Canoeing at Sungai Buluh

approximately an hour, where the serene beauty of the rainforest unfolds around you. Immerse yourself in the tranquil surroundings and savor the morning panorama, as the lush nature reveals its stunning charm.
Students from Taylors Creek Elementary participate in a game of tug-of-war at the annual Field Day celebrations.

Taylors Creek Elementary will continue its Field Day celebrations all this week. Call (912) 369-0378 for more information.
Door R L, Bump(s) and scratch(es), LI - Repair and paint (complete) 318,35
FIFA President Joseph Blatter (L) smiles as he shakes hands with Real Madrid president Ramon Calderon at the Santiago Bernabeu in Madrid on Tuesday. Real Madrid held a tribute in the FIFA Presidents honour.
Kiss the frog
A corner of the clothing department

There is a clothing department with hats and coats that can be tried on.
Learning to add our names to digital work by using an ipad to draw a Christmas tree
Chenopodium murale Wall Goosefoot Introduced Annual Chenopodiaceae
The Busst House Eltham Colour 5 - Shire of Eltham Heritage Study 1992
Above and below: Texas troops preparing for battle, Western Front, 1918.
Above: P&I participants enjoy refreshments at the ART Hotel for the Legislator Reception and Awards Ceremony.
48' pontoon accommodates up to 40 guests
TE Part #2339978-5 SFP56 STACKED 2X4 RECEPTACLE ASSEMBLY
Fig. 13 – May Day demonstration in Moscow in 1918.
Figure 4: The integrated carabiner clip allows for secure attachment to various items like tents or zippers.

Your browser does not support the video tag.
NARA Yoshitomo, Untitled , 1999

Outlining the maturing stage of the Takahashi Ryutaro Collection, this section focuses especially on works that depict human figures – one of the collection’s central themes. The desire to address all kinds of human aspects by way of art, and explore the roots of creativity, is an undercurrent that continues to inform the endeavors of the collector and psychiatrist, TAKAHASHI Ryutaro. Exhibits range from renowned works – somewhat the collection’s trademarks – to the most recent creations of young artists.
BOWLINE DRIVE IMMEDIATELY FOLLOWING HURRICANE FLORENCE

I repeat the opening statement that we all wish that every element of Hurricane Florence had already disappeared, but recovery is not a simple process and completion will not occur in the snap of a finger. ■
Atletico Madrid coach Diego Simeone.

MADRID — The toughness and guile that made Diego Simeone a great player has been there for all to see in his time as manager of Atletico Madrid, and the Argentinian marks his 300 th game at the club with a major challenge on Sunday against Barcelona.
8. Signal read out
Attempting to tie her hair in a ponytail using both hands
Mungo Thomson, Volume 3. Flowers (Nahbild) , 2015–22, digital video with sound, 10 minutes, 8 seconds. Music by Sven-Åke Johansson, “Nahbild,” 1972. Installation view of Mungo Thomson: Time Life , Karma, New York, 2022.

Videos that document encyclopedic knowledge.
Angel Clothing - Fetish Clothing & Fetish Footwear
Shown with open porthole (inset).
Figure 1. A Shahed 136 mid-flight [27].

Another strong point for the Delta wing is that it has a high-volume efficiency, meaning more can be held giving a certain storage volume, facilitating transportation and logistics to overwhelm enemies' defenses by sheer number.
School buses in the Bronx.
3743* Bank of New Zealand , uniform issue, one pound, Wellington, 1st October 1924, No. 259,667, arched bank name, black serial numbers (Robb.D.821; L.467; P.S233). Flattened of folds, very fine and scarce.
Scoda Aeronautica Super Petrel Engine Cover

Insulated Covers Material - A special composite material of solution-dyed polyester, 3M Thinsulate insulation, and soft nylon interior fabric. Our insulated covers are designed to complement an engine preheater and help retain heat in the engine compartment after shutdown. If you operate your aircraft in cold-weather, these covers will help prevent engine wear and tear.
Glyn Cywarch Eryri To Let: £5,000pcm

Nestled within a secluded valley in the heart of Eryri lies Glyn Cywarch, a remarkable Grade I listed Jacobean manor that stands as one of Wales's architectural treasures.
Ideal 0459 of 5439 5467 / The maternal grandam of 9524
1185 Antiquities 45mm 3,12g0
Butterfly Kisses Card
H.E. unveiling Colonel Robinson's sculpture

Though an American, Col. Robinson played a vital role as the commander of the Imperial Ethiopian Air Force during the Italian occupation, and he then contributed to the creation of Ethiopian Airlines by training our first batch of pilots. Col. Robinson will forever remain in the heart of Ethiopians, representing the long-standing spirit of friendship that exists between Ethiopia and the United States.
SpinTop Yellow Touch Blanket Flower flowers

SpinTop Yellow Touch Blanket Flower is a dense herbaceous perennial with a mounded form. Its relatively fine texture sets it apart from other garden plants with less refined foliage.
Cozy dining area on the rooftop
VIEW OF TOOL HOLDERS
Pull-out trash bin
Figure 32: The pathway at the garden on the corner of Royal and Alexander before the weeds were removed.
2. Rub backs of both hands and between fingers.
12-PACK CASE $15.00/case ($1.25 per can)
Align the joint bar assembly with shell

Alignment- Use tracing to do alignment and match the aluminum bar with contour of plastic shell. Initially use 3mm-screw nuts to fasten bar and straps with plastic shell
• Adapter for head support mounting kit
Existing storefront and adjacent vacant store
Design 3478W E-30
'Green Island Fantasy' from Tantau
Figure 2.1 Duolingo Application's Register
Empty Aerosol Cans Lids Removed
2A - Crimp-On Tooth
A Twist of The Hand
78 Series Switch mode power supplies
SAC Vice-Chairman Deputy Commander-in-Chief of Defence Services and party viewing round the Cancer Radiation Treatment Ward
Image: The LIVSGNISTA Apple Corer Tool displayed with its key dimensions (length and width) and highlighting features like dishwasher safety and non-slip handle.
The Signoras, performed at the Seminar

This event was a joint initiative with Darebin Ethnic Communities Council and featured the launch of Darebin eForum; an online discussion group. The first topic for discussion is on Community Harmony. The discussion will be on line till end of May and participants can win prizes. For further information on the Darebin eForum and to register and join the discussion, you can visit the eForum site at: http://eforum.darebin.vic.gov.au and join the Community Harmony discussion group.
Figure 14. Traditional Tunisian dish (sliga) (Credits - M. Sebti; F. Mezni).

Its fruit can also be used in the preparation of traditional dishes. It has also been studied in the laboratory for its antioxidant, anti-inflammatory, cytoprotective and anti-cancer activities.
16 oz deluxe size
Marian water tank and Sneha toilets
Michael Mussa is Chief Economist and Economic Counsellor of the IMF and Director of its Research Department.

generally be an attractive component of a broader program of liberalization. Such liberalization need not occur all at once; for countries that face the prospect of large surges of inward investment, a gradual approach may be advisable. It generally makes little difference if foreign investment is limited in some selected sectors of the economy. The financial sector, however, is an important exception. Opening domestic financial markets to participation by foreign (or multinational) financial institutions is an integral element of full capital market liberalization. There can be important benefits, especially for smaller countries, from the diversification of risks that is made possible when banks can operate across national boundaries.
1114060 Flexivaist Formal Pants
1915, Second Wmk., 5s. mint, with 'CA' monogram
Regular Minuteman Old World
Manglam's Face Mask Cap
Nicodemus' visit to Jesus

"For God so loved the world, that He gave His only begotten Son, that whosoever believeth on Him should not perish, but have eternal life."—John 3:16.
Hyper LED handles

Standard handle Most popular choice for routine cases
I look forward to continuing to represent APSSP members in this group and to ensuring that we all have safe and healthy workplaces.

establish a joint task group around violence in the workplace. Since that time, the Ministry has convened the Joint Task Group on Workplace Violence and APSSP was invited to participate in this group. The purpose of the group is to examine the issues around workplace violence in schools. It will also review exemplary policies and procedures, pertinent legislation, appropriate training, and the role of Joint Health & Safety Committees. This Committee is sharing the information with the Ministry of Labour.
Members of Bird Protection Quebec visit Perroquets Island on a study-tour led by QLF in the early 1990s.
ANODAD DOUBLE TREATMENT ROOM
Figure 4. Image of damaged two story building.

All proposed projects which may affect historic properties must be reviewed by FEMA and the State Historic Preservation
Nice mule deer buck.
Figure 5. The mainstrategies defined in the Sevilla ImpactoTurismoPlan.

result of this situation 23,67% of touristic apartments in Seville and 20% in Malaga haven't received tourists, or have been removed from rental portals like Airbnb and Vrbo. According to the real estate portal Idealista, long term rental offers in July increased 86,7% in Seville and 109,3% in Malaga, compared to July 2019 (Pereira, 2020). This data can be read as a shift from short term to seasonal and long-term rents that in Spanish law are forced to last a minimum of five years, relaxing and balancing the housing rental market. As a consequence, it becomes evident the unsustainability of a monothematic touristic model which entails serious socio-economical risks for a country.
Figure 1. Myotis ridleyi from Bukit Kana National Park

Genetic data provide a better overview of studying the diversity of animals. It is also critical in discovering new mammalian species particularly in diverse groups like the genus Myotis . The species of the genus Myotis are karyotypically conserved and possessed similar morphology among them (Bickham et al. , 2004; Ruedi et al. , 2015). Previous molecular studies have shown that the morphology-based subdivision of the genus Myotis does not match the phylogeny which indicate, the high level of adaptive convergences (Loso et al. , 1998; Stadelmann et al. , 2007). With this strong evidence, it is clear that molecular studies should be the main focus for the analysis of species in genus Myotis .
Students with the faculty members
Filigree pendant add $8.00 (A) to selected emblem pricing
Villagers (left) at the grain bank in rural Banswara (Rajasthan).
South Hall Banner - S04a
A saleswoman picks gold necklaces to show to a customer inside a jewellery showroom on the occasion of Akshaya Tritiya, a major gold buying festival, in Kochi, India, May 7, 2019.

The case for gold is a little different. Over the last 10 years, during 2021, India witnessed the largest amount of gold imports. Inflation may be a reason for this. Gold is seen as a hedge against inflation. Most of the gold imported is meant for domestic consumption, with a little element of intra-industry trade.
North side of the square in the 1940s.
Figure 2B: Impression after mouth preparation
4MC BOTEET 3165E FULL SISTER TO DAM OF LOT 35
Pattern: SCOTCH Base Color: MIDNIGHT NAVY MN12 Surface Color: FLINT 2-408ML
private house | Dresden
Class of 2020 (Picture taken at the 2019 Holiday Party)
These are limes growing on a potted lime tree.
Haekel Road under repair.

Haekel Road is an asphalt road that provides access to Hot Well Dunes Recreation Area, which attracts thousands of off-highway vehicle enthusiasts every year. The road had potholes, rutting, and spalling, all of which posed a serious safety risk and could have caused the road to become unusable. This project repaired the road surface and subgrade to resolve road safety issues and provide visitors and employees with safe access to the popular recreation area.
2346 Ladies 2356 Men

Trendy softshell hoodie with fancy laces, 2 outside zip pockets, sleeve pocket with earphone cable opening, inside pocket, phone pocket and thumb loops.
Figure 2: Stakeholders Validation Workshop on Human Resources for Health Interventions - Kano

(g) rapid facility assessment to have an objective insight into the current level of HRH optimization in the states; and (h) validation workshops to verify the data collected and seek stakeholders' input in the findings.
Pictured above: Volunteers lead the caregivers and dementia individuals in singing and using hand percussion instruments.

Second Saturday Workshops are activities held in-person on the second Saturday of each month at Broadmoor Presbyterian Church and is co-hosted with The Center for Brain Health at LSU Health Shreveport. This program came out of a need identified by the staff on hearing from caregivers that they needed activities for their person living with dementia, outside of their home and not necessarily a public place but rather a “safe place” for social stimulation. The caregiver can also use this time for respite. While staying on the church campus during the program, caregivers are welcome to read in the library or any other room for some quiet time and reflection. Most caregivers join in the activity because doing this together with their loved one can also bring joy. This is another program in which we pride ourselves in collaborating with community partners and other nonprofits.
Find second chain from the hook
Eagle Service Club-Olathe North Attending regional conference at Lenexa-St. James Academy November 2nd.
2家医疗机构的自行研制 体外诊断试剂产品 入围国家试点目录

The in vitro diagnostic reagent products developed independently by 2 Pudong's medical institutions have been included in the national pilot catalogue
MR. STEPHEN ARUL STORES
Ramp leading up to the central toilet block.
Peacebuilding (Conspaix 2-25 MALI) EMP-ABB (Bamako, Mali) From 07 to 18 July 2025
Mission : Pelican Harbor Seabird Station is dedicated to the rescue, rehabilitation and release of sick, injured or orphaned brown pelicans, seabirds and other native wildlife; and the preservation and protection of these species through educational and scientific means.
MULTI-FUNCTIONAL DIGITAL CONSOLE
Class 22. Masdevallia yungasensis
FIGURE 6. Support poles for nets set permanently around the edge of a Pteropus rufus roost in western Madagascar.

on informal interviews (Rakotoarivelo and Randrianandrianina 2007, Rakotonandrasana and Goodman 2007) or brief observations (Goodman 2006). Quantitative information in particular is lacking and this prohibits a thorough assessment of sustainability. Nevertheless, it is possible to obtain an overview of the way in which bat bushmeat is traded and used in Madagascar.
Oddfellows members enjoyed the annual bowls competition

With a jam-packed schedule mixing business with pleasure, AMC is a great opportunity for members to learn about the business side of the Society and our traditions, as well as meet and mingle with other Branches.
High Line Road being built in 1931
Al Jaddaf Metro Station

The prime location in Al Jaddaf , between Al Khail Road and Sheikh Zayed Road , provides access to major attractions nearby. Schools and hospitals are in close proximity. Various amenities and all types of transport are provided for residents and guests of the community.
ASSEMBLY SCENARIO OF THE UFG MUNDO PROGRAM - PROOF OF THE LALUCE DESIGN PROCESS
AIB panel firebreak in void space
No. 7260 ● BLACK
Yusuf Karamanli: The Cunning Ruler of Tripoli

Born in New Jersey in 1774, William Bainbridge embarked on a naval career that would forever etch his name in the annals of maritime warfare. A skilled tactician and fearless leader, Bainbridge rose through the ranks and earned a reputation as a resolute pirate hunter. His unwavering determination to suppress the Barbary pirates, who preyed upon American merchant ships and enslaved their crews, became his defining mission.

> [What is needed] Show each line of the listing that holds the string "Cywarch".

> [Task answer]
Glyn Cywarch Eryri To Let: £5,000pcm
Nestled within a secluded valley in the heart of Eryri lies Glyn Cywarch, a remarkable Grade I listed Jacobean manor that stands as one of Wales's architectural treasures.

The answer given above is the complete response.